- **YOUR INSTRUCTIONS**:
What follows is a listing to be transcribed exactly.

........

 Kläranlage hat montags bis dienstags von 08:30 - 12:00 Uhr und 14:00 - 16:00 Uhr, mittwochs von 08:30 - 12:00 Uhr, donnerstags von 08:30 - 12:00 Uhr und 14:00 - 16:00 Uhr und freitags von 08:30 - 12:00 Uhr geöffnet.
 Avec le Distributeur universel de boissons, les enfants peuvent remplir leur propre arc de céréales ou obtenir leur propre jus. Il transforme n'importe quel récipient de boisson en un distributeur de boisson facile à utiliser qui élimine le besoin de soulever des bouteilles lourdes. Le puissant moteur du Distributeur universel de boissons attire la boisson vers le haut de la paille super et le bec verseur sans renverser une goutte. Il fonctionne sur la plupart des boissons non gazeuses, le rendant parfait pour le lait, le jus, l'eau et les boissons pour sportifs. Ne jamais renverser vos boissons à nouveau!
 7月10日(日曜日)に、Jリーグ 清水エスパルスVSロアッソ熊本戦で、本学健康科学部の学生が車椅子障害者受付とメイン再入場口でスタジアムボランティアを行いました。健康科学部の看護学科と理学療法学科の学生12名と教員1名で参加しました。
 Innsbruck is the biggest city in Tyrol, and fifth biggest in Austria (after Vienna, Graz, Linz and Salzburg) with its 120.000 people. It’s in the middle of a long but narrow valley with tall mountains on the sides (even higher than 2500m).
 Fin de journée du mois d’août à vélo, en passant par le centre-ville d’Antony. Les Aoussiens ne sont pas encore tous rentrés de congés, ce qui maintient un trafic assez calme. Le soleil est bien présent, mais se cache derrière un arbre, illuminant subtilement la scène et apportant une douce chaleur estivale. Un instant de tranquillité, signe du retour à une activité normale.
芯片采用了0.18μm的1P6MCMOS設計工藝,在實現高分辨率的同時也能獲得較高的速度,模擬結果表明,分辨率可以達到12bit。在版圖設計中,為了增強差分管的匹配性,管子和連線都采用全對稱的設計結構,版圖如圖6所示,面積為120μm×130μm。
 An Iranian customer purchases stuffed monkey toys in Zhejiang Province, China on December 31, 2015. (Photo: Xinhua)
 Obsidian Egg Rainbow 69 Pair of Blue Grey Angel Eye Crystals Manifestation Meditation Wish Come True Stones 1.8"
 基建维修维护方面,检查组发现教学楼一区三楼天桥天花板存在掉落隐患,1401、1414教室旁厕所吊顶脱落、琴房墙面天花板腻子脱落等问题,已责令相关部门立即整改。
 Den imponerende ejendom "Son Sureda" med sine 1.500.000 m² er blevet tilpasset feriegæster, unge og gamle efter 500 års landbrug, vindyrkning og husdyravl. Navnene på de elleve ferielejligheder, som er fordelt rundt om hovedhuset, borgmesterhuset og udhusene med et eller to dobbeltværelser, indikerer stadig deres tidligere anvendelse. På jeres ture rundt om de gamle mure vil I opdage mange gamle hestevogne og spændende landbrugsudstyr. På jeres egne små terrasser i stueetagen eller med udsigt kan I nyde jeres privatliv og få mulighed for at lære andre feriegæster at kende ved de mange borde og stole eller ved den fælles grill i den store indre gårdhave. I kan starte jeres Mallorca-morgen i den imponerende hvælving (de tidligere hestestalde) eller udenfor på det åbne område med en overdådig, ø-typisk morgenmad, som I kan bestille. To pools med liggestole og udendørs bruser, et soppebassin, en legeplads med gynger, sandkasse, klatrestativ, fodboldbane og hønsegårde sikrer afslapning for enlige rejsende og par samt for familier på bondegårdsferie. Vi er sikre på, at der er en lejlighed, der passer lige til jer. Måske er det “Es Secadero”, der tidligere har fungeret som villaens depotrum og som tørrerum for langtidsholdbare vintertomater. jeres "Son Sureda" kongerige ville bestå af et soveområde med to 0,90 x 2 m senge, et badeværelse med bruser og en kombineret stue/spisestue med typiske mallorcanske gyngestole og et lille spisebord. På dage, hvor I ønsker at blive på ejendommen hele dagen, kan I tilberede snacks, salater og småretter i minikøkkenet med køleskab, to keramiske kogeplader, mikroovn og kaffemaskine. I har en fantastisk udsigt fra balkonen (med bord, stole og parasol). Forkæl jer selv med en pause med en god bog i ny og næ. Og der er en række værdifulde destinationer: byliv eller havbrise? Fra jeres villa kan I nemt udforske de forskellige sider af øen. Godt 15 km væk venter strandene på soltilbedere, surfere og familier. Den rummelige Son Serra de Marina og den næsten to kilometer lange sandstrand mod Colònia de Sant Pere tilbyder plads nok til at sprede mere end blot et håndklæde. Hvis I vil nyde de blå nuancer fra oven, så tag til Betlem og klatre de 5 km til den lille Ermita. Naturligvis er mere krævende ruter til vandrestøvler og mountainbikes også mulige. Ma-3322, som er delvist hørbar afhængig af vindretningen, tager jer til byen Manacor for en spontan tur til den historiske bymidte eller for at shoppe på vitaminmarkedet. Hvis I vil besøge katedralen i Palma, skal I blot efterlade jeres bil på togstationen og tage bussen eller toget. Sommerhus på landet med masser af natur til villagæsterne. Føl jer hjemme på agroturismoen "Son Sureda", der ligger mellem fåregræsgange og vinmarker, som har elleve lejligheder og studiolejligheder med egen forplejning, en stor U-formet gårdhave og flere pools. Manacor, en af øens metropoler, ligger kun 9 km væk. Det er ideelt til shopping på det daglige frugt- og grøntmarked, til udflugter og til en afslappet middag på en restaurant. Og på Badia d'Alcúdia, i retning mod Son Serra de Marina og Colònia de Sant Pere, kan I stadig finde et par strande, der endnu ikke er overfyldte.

........

- **YOUR SOLUTION**:
 Kläranlage hat montags bis dienstags von 08:30 - 12:00 Uhr und 14:00 - 16:00 Uhr, mittwochs von 08:30 - 12:00 Uhr, donnerstags von 08:30 - 12:00 Uhr und 14:00 - 16:00 Uhr und freitags von 08:30 - 12:00 Uhr geöffnet.
 Avec le Distributeur universel de boissons, les enfants peuvent remplir leur propre arc de céréales ou obtenir leur propre jus. Il transforme n'importe quel récipient de boisson en un distributeur de boisson facile à utiliser qui élimine le besoin de soulever des bouteilles lourdes. Le puissant moteur du Distributeur universel de boissons attire la boisson vers le haut de la paille super et le bec verseur sans renverser une goutte. Il fonctionne sur la plupart des boissons non gazeuses, le rendant parfait pour le lait, le jus, l'eau et les boissons pour sportifs. Ne jamais renverser vos boissons à nouveau!
 7月10日(日曜日)に、Jリーグ 清水エスパルスVSロアッソ熊本戦で、本学健康科学部の学生が車椅子障害者受付とメイン再入場口でスタジアムボランティアを行いました。健康科学部の看護学科と理学療法学科の学生12名と教員1名で参加しました。
 Innsbruck is the biggest city in Tyrol, and fifth biggest in Austria (after Vienna, Graz, Linz and Salzburg) with its 120.000 people. It’s in the middle of a long but narrow valley with tall mountains on the sides (even higher than 2500m).
 Fin de journée du mois d’août à vélo, en passant par le centre-ville d’Antony. Les Aoussiens ne sont pas encore tous rentrés de congés, ce qui maintient un trafic assez calme. Le soleil est bien présent, mais se cache derrière un arbre, illuminant subtilement la scène et apportant une douce chaleur estivale. Un instant de tranquillité, signe du retour à une activité normale.
芯片采用了0.18μm的1P6MCMOS設計工藝,在實現高分辨率的同時也能獲得較高的速度,模擬結果表明,分辨率可以達到12bit。在版圖設計中,為了增強差分管的匹配性,管子和連線都采用全對稱的設計結構,版圖如圖6所示,面積為120μm×130μm。
 An Iranian customer purchases stuffed monkey toys in Zhejiang Province, China on December 31, 2015. (Photo: Xinhua)
 Obsidian Egg Rainbow 69 Pair of Blue Grey Angel Eye Crystals Manifestation Meditation Wish Come True Stones 1.8"
 基建维修维护方面,检查组发现教学楼一区三楼天桥天花板存在掉落隐患,1401、1414教室旁厕所吊顶脱落、琴房墙面天花板腻子脱落等问题,已责令相关部门立即整改。
 Den imponerende ejendom "Son Sureda" med sine 1.500.000 m² er blevet tilpasset feriegæster, unge og gamle efter 500 års landbrug, vindyrkning og husdyravl. Navnene på de elleve ferielejligheder, som er fordelt rundt om hovedhuset, borgmesterhuset og udhusene med et eller to dobbeltværelser, indikerer stadig deres tidligere anvendelse. På jeres ture rundt om de gamle mure vil I opdage mange gamle hestevogne og spændende landbrugsudstyr. På jeres egne små terrasser i stueetagen eller med udsigt kan I nyde jeres privatliv og få mulighed for at lære andre feriegæster at kende ved de mange borde og stole eller ved den fælles grill i den store indre gårdhave. I kan starte jeres Mallorca-morgen i den imponerende hvælving (de tidligere hestestalde) eller udenfor på det åbne område med en overdådig, ø-typisk morgenmad, som I kan bestille. To pools med liggestole og udendørs bruser, et soppebassin, en legeplads med gynger, sandkasse, klatrestativ, fodboldbane og hønsegårde sikrer afslapning for enlige rejsende og par samt for familier på bondegårdsferie. Vi er sikre på, at der er en lejlighed, der passer lige til jer. Måske er det “Es Secadero”, der tidligere har fungeret som villaens depotrum og som tørrerum for langtidsholdbare vintertomater. jeres "Son Sureda" kongerige ville bestå af et soveområde med to 0,90 x 2 m senge, et badeværelse med bruser og en kombineret stue/spisestue med typiske mallorcanske gyngestole og et lille spisebord. På dage, hvor I ønsker at blive på ejendommen hele dagen, kan I tilberede snacks, salater og småretter i minikøkkenet med køleskab, to keramiske kogeplader, mikroovn og kaffemaskine. I har en fantastisk udsigt fra balkonen (med bord, stole og parasol). Forkæl jer selv med en pause med en god bog i ny og næ. Og der er en række værdifulde destinationer: byliv eller havbrise? Fra jeres villa kan I nemt udforske de forskellige sider af øen. Godt 15 km væk venter strandene på soltilbedere, surfere og familier. Den rummelige Son Serra de Marina og den næsten to kilometer lange sandstrand mod Colònia de Sant Pere tilbyder plads nok til at sprede mere end blot et håndklæde. Hvis I vil nyde de blå nuancer fra oven, så tag til Betlem og klatre de 5 km til den lille Ermita. Naturligvis er mere krævende ruter til vandrestøvler og mountainbikes også mulige. Ma-3322, som er delvist hørbar afhængig af vindretningen, tager jer til byen Manacor for en spontan tur til den historiske bymidte eller for at shoppe på vitaminmarkedet. Hvis I vil besøge katedralen i Palma, skal I blot efterlade jeres bil på togstationen og tage bussen eller toget. Sommerhus på landet med masser af natur til villagæsterne. Føl jer hjemme på agroturismoen "Son Sureda", der ligger mellem fåregræsgange og vinmarker, som har elleve lejligheder og studiolejligheder med egen forplejning, en stor U-formet gårdhave og flere pools. Manacor, en af øens metropoler, ligger kun 9 km væk. Det er ideelt til shopping på det daglige frugt- og grøntmarked, til udflugter og til en afslappet middag på en restaurant. Og på Badia d'Alcúdia, i retning mod Son Serra de Marina og Colònia de Sant Pere, kan I stadig finde et par strande, der endnu ikke er overfyldte.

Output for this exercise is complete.